To collect metrics, you scrape all the /metrics pages you know about, on an interval, from a collector with some kind of indexed storage. Give that system a query interface and now it’s it’s a time-series database (a TSDB). We can now generate graphs and alerts.

What we’re describing is, obviously, Prometheus, which is an escaped implementation of Borgmon, Google’s cluster monitoring system. Google SREs have a complicated relationship with Borgmon, which was once said to have been disclosed in an “industry-disabling paper”. A lot of people hate it.

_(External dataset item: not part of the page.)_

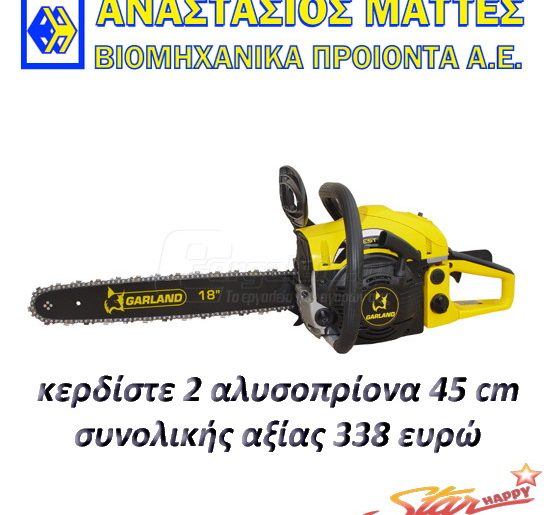 Το happystar.gr διοργανώνει διαγωνισμό και σας δίνει τη δυνατότητα να κερδίσετε 2 αλυσοπρίονα GARLAND από την Αναστάσιος Ματτές ΑΕ συνολικής αξίας 338 ευρώ!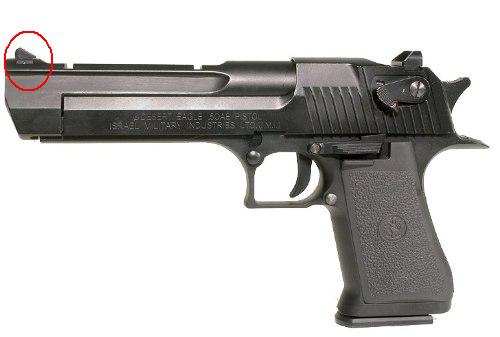 Tengo una réplica de la desert eagle 50AE de la marca tokyo marui y he perdido una pieza que compone el punto de mira abierto que trae de serie esta pistola, os pongo una foto señalando la pieza que he perdido.

None of us have ever worked for Google, let alone as SREs. So we’re going out on a limb: this is a good design; it’s effective, so easy to implement that every serious programming environment supports it, and neatly separates concerns: things that generate metrics just need to keep counters and barf them out into an HTTP response, which makes it easy to generate lots of metrics.

Metrics Databases

The division of labor between components in this design is profoundly helpful on the database side as well. What makes general-purpose database servers hard to optimize is that they’re general-purpose: it’s hard to predict workloads. TSDBs don’t have this problem. Every Prometheus store shares a bunch of exploitable characteristics:

Lots of writes, not a lot of reads.
Reads return vectors of data points — columns, not rows.
Simply formatted numeric data.
Readers tend to want data from 5 minutes ago, not 5 days ago.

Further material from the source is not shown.